And yes, the water wings did make my son float up, but what if they had slipped off? They are not a safety device and they do not make a child who does not know how to swim or float, float properly with their head up. So it's a band aid solution. If he gasped when he fell in and inhaled water, the water wings would just bring him up for someone to pull him out - they wouldn't prevent him from drowning. Especially this summer with them both being mobile, I have made a point of putting life jackets on them when I am there and she seemed to follow suit - I didn't expect her to think water wings would be just as fine.

He did not learn anything from the incident actually, generally he's a quick learner but because he didn't get scared or hurt he seems to think it was fine and will more than likely try to do it again.
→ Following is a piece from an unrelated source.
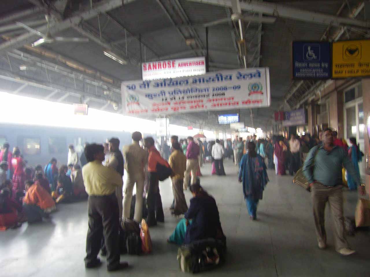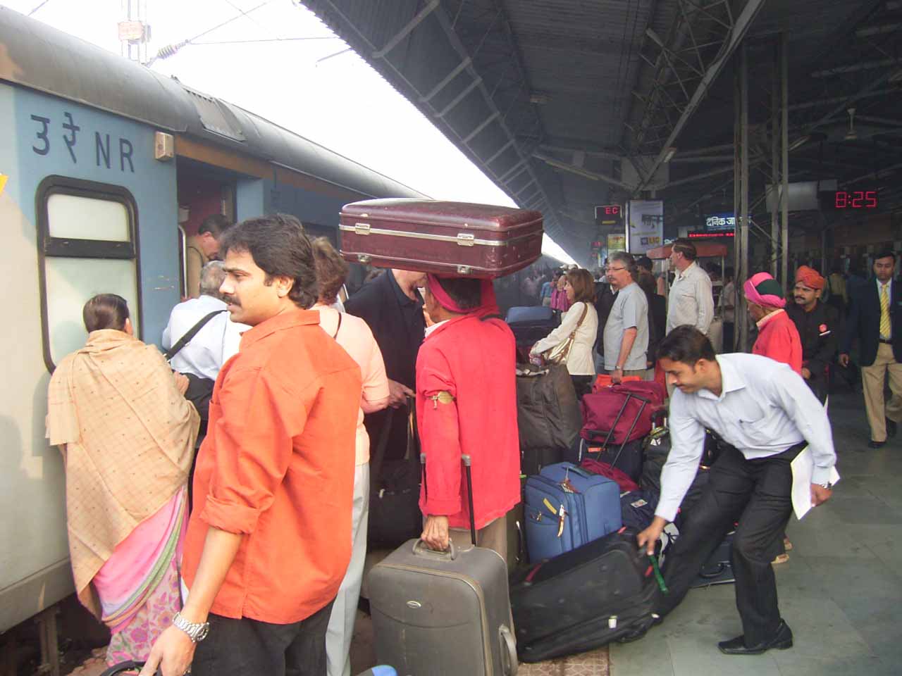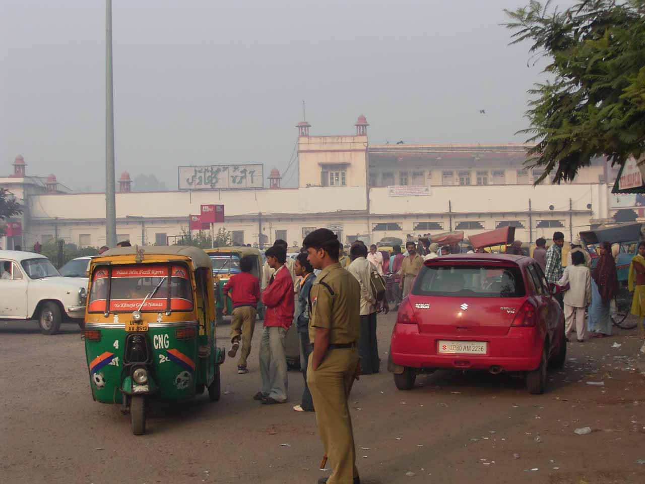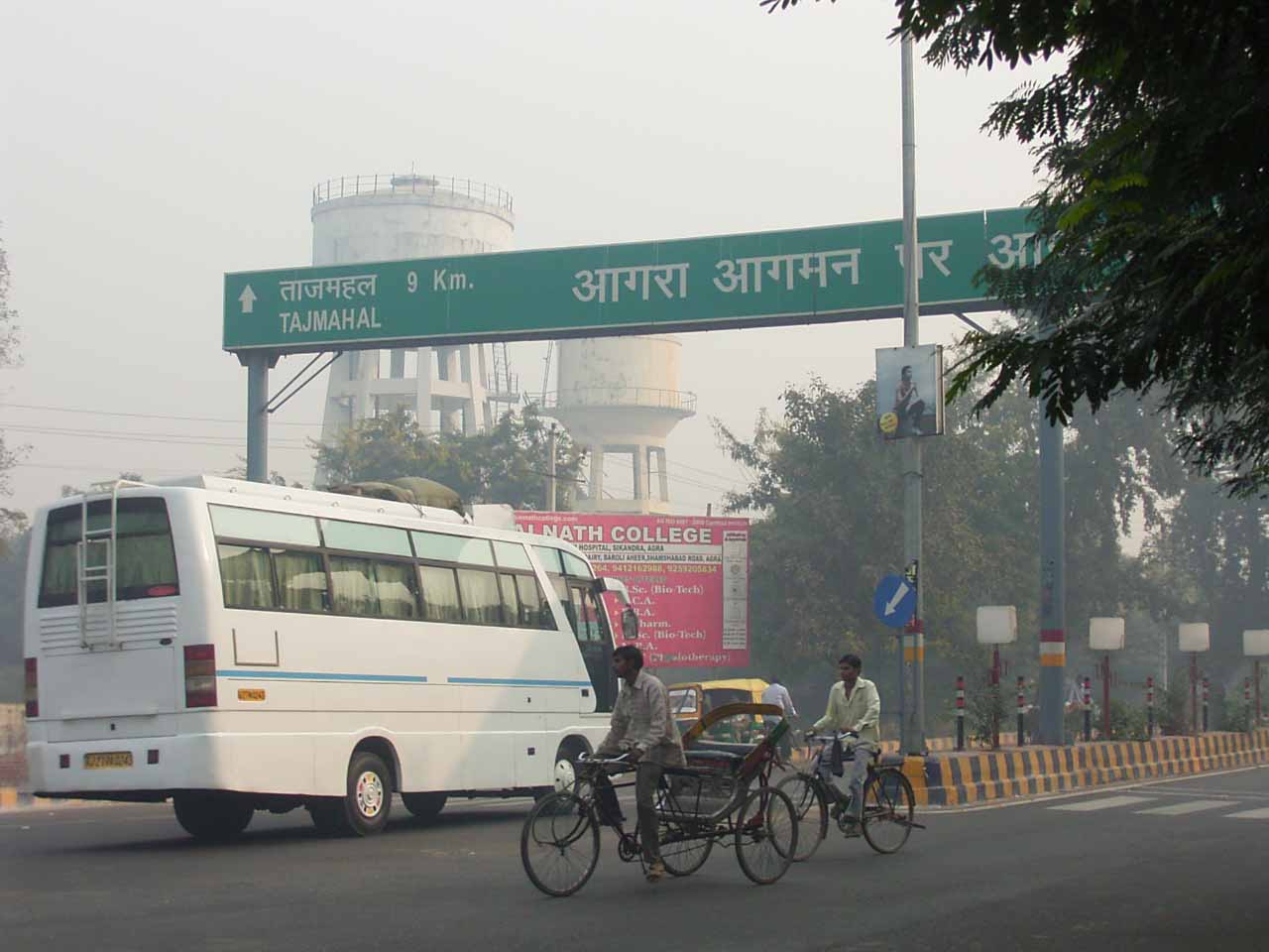 ホテルを出る。外は、まだ暗くて、店も屋台も無く人通りも少ないので駅への曲がり道を少し迷う。危険な感じは無い。![]() ![]() 1番ホーム しゃがんで歩く足の不自由な物乞いにびっくりした Train No 2002 BHOPAL SHTBDI デリー駅に無事到着。列車のホームは、ラジェンダさんが言っていたように1番ホーム。列車は、まだ来ない。駅は、撮影禁止のはずだが欧米人がバシバシとフラッシュを焚いて撮っているので、僕もカメラを取り出す。僕達のCoarchはE1だが、ホームの電光表示は"C"しかないのでホームの端まで行って探すが"E"は無い。延髄妻が”StationManeger”という表札の部屋に突撃し、恐らく副駅長に"E1のCoarchはどこですか?”と聞くと右に行くように言われる。駅の壁に貼ってある予約表のE1には僕達二人の名前があり、一安心。右に行くとアメリカとイタリアの団体客がいる。 ![]() ![]() 列車が到着。E1のCoarchにも、予約表が貼ってあり、名前あり。乗り込むと進行方向とは逆向きの座席。06:15発車...と思ったらすぐに停まり、06:20に再発車。延髄妻が”シートベルトは無いの?”と聞く。う〜ん、今までいろいろな国で電車に乗って一度もシートベルトのある電車はなかったのに...電車にシートベルトですか? ![]() ![]() 赤いターバンを巻いた征服姿の男性アテンダント二人が英字新聞を配り、その後列車には載せたがまだ入り口に置いたままのイタリア団体客の大きな荷物を空いている網棚にどんどん載せていく。しばらくすると、お湯の入った小さな魔法瓶とティーバッグ 2個とティー・カップとビスケットをサーブ。延髄妻は、ビスケットを見て”これがベジのブレック・ファーストかな?”と思ったらしい。バカか!お前は。今度は、500mlの水と紙コップがサーブ。 ![]() ![]() そして今度は朝食として、ミルク、コーンフレーク、薄い食パン 2枚、バター、ジャム、クロワッサンもどき(形はそうだが硬い)、揚げ物、バナナとお腹一杯になる。ここまでは、器を除菌シートで拭いていたが最後にジュースが出てきて、そのまま飲んでしまう。食事が終わり、トレイにティー・バッグを載せてサーブしに来るがそこには50Rsのお札があり、完全にチップを要求してくる。今までは、ディスポーザル手袋を付けてキビキビとサーブしていて好印象だったのに...仕方なく20Rs載せる。チップを払ったので、カメラで僕達を撮ってもらうがフラッシュを焚かなかったのでボケボケ。 ![]() ![]() 08:15 アーグラー着。出口には、団体客の大きなバッグがあり、すぐに出られない。アテンダントが荷物を降ろしているのにその間隙を突いて乗り込んで来るインド人。車内は降りる客が列を作っているので入れないし、座席指定なので急いで乗り込んでも一緒なのに...何故? ありエネー!仕方なく僕達も荷降ろしの間隙を縫って降りる。延髄妻が、バラナシで一緒だった男性から”アーグラーは最悪”という情報をINPUTされているため、駅を降りたらビビリまくりで、一刻も早く駅周辺から離れたいらしく、僕が写真を撮っていると”写真なんか撮ってないで早く行こうーッ!”と怒る延髄妻。 ![]() ![]() 奥の白い建物がAGRA CANTT駅 リキシャ,タクシーがいる 駅から少し歩くと店がある 駅構内を出ると、リキシャの運転手からの勧誘の声が襲いかかる。それほどしつこい勧誘ではないが、こういうのが嫌で嫌でしょうがない延髄妻は一刻も早く逃げ出したくて”あの外人の団体客の後を付いて行く。”と言う。付いて行っても、団体客はバスに乗っていなくなり、僕達は取り残されるだけなので、しばらく付いて行って勧誘のいなくなったところでタージ・マハル行きではなく、タージ・マハルから駅に戻る向きの道路の右側を歩く。この側なら、待ち構えている勧誘はいないはず。 ![]() ![]() タージ・マハルまで9kmの表示 牛車が3車線の真ん中を行く アーグラー・カント駅から、タージ・マハルまでは”地球の歩き方”の地図を見ると5kmくらいなので、歩いて1時間強で辿り着けるはずだし、道路標示もこんな感じで信じられないらしいという情報を元に歩いて向かう僕達。しかし、ここで驚異のストーカー・サイクル・リキシャが現れる。”タージ・マハルは、遠いから歩いては行けない。"とかいろいろと話し掛けてくるが無視する僕達。僕達は、車が来る方向とは逆向きで車道の脇を歩いているので、僕達に付いて来るリキシャは完全に進行方向とは逆に進んでいるが、そんなことはお構いなしに付かず離れずで話掛けて無視されると、距離を置いて付いて来たりとものすごいしつこさ。途中、タージ・マハルまでの距離の道路標示を撮っていると延髄妻が”写真ばっかり撮ってないで早く行ってヨ!”とキレて一人だけ早足で先に行ってしまう延髄妻。そして、その光景をサイクル・リキシャは見た!しばらくは、延髄妻とは距離を離れて歩いて行く。リキシャは、30分くらい付いて来たがさすがに諦めていなくなる。しつこければ、成功する訳ではなく状況判断が重要なんで

He had a separate small pool in the yard which is what he was filling up with the bucket.

So, gathering from the advice here...

I will talk to her about it specifically in a non-confrontational way and tell her that I'm not comfortable with her watching all four alone if they are swimming. Indoor activities are fine, just not in the pool.
Whenever we go there, I will bring the boys own life jackets to make a statement that they are to be worn around the pool at all times. If that means that DS2 is only able to crawl instead of walk, that's fine - I'd rather he crawl than drown.
And for good measure, I'll ask if she's interested in taking an infant/child CPR course and if she would mind if I posted a safety poster by the pool "just in case".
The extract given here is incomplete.